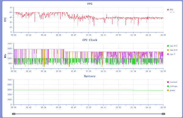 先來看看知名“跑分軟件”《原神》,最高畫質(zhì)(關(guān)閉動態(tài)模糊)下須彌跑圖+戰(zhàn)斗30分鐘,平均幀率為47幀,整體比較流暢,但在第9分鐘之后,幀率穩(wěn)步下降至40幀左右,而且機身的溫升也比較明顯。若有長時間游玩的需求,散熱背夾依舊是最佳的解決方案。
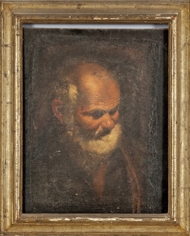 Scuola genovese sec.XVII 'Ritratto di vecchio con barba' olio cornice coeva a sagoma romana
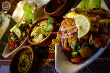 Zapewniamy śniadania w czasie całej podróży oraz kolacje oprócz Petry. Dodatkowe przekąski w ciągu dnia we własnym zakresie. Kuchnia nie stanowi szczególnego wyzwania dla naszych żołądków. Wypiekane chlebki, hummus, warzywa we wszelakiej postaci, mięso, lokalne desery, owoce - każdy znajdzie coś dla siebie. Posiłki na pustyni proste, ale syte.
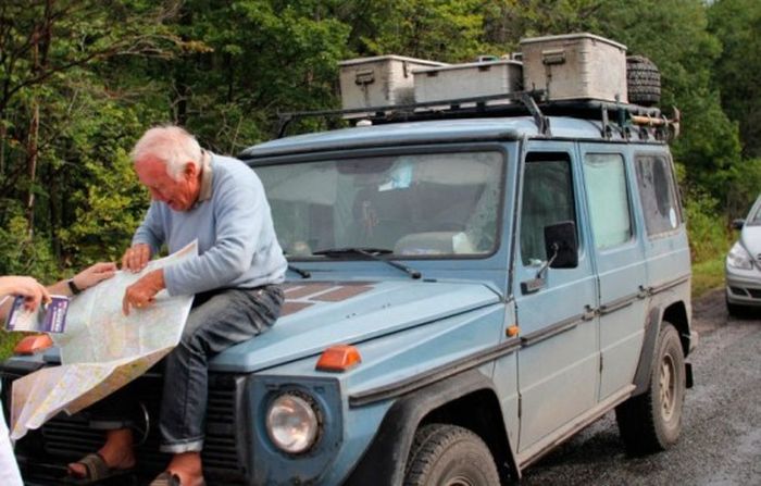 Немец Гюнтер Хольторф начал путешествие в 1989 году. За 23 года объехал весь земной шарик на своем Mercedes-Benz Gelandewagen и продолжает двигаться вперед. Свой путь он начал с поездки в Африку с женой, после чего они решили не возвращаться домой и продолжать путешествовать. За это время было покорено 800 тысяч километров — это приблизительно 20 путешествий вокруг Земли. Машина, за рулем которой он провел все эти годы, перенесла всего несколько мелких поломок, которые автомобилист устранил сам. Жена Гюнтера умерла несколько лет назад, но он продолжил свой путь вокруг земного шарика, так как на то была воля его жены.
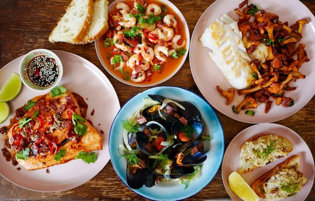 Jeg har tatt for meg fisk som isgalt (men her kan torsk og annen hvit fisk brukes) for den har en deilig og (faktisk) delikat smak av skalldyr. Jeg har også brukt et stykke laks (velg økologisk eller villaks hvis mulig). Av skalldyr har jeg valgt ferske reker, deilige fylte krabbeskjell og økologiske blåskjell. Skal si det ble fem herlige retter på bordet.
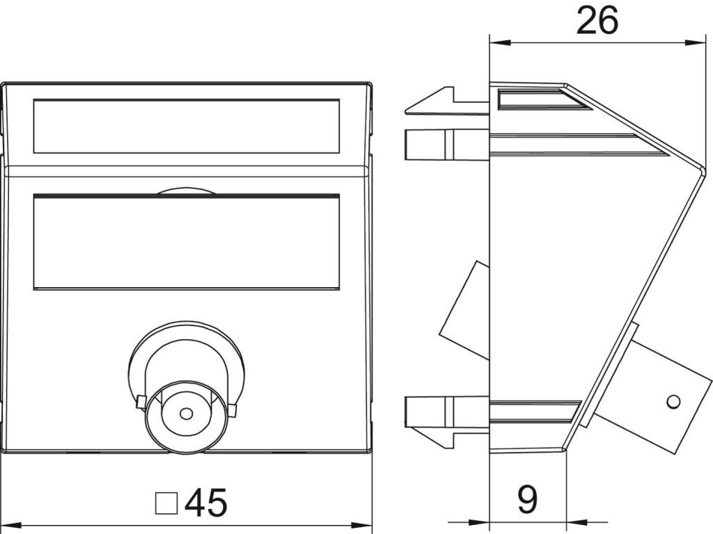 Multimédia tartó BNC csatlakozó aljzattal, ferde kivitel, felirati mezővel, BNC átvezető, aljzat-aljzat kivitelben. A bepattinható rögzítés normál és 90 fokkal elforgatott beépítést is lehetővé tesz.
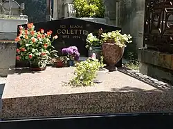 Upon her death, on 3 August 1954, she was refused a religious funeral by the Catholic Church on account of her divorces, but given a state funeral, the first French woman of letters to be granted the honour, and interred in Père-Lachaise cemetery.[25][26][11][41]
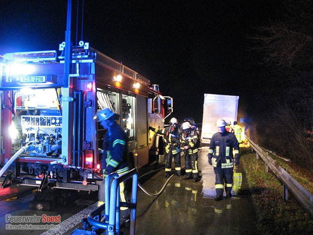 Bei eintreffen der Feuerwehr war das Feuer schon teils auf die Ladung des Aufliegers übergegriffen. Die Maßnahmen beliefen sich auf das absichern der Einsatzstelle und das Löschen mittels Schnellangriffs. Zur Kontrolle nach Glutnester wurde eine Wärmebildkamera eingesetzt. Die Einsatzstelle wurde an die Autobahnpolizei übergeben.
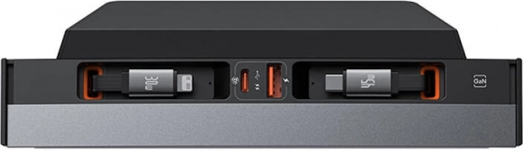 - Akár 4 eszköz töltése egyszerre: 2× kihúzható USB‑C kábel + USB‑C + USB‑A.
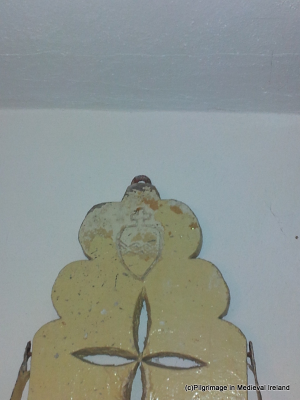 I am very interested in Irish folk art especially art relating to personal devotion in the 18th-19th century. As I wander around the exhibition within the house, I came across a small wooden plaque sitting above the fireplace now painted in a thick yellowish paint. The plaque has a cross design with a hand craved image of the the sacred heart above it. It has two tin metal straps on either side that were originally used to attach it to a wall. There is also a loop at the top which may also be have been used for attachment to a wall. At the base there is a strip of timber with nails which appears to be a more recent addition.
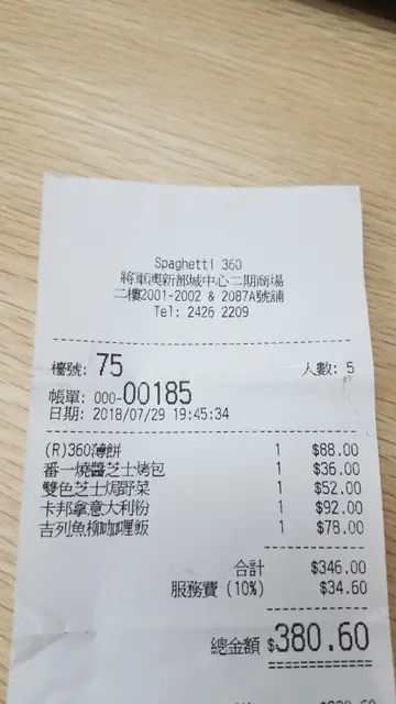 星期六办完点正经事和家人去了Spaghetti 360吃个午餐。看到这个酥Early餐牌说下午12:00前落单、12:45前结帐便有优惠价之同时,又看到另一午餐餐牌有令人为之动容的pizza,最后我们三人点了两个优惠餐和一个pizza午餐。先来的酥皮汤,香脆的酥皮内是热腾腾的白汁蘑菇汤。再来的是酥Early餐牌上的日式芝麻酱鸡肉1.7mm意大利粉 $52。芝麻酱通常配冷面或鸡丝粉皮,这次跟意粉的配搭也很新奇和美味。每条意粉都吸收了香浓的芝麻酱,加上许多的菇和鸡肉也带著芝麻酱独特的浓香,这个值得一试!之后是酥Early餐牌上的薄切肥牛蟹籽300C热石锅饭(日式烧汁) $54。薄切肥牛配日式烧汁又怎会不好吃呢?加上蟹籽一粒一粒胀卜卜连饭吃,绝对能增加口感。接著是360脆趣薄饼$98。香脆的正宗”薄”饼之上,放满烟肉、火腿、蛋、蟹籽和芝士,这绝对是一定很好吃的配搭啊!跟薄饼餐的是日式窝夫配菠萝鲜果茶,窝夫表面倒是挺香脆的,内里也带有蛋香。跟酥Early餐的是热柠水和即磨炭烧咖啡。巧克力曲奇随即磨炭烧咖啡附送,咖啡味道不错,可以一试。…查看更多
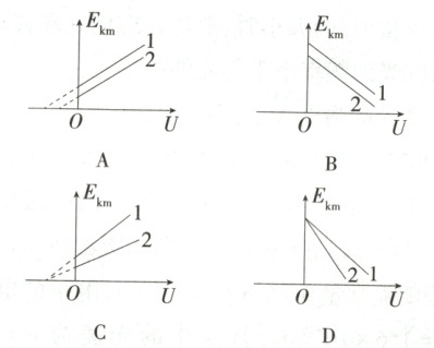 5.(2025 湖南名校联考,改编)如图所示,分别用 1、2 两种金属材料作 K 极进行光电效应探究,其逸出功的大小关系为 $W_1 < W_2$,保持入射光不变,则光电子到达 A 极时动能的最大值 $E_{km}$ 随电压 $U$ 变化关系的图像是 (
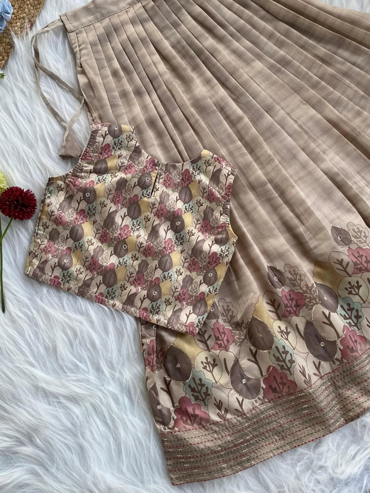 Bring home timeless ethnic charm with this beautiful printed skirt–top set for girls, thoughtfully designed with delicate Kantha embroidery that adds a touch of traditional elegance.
==
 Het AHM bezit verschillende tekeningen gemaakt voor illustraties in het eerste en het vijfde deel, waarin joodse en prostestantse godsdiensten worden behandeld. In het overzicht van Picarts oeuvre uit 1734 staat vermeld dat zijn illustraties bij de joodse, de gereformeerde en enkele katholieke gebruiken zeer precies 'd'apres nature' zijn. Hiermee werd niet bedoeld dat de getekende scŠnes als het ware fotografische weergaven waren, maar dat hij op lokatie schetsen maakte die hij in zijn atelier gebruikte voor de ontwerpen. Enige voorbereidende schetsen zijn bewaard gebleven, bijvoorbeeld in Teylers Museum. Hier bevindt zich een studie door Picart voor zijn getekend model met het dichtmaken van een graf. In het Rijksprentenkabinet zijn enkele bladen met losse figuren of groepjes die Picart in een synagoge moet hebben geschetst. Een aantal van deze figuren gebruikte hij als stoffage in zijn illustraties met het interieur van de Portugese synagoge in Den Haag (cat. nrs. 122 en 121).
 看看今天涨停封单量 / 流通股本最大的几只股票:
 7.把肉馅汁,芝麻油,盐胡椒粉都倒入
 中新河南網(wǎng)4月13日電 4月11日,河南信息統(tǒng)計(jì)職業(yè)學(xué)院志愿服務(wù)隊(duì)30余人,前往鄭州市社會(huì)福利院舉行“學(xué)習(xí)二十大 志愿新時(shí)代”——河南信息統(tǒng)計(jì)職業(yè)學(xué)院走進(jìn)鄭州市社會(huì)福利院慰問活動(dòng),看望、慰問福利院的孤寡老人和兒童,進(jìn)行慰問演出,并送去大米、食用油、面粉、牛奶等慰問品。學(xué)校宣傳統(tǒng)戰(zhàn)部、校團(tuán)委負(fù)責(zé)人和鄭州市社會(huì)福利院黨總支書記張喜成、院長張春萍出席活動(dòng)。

◆ What to do: Would you give again, exactly, the lines in the data above that run from the line containing "Multimédia tartó BNC" to the line containing "Upon her death, on"? Include both ends and no pictures.

◆ Solution to this exercise:
 Multimédia tartó BNC csatlakozó aljzattal, ferde kivitel, felirati mezővel, BNC átvezető, aljzat-aljzat kivitelben. A bepattinható rögzítés normál és 90 fokkal elforgatott beépítést is lehetővé tesz.
 Upon her death, on 3 August 1954, she was refused a religious funeral by the Catholic Church on account of her divorces, but given a state funeral, the first French woman of letters to be granted the honour, and interred in Père-Lachaise cemetery.[25][26][11][41]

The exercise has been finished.